3. Korban bencana yang mengalami luka fisik dapat di fase awal dapat mendapat perawatan di rumah sakit terdekat, atau pada langkah sementara dilokasi dengan bantuan medis oleh tim bantuan bencana lokal serta organisasi bantuan internasional. Namun kembali ke rumah mereka untuk membangun kembali kehidupan mereka adalah kepentingan utama bagi para korban. Oleh karena itu penting sekali diperhatikan bahwa layanan fisioterapi disediakan sebagai bagian dari rehabilitasi berbasis masyarakat. Orang-orang biasa dan masyarakat yang kaya serta memiliki pengetahuan yang dapat pergi jauh untuk meningkatkan proses rehabilitasi mereka. Hal ini untuk memastikan bahwa kita menanggapi bencana secara holistik.

Menurut sensus 2009, 30% dari populasi masyarakat Indonesia tinggsl di kots, dan 70% dari populasi masyarakat terpusat di daerah pedesaan. Mereka semua tentu memiliki hak yang sama terhadap pengobatan dan penanganan tindakan intervensi fisioterapi tanpa terkecuali.
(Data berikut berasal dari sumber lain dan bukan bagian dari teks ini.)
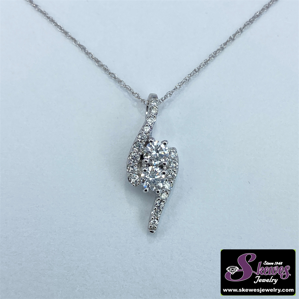 Elevate your style with this 14K white gold pendant featuring two shimmering diamonds. A timeless piece that adds a touch of sophistication.

Oleh karena itu, kami berharap semua anggota Ikatan fisioterapi indonesia, Asosiasi perguruan tinggi fisioterapi indonesia dan mahasiswa fisioterapi untuk senantiasa mendorong kesehatan masyarakat dengan membangun pusat rehabilitasi fisioterapi di pedesaan.
Peran fisioterapi di masa depan dalam penanggulangan bencana
Bencana menjadi momentum titik tolak fisioterapi untuk dapat mengambil kesempatan belajar demi pengembangan keilmuan fisioterapi manajemen bencana lebih lanjut di masyarakat. Dalam bencana di masa depan kelak, fisioterapi akan bermanfaat dalam mengobati dan mencegah cedera para anggota penyelamat atau SAR menggunakan terapi manual dan mengobati kondisi gangguan muskuloskeletal, pasien kritis, pernapasan, dan pasien luka bakar. Beberapa area kompetensi yang unik dari keterampilan yang ditemukan untuk ditawarkan kepada fisioterapis, termasuk menilai dan memperlakukan korban dengan cedera akut, mencegah cedera di antara petugas penyelamat atau SAR, dan mungkin mencegah atau mengurangi beban disfungsi kronis antara pasien setelah fase darurat. Ada peran baru yang ternyata terbuka lebar dalam menanggapi bencana, tetapi nampaknya fisioterapi harus bangkit untuk segera menjadi fisioterapi yang menguasai sains dan knowledge sesuai Evidence Based Practice sebagai profesi mampu manjadi advokat sendiri, dimulai dengan kesadaran individu. Implikasi bagi profesi secara keseluruhan adalah bahwa kebutuhan untuk pelatihan kebencanaan lebih lanjut, harus selalu diakui fisioterapi masih perlu meningkatkan hal ini dan saling berbagi pengalaman yang dapat dituangkan dalam pertemuan-pertemuan ilmiah fisioterapi.
Seorang fisioterapis dilatih secara profesional di berbagai bidang ini menjadi sarana untuk membuktikan diri bahwa penanganan fisioterapi terbukti efisien untuk menangani pasien dengan berbagai masalah yang muncul kaitannya dengan gerak dan fungsi. Mereka telah menaklukkan sukses di semua bidang. Fisioterapi berpotensi meringankan ganguan gerak dan fungsi yang menjadi masalah pada pasien, dibidang medis secara khusus mampu mewujudkan keseimbangan fungsional secara holistik dan meyeluruh.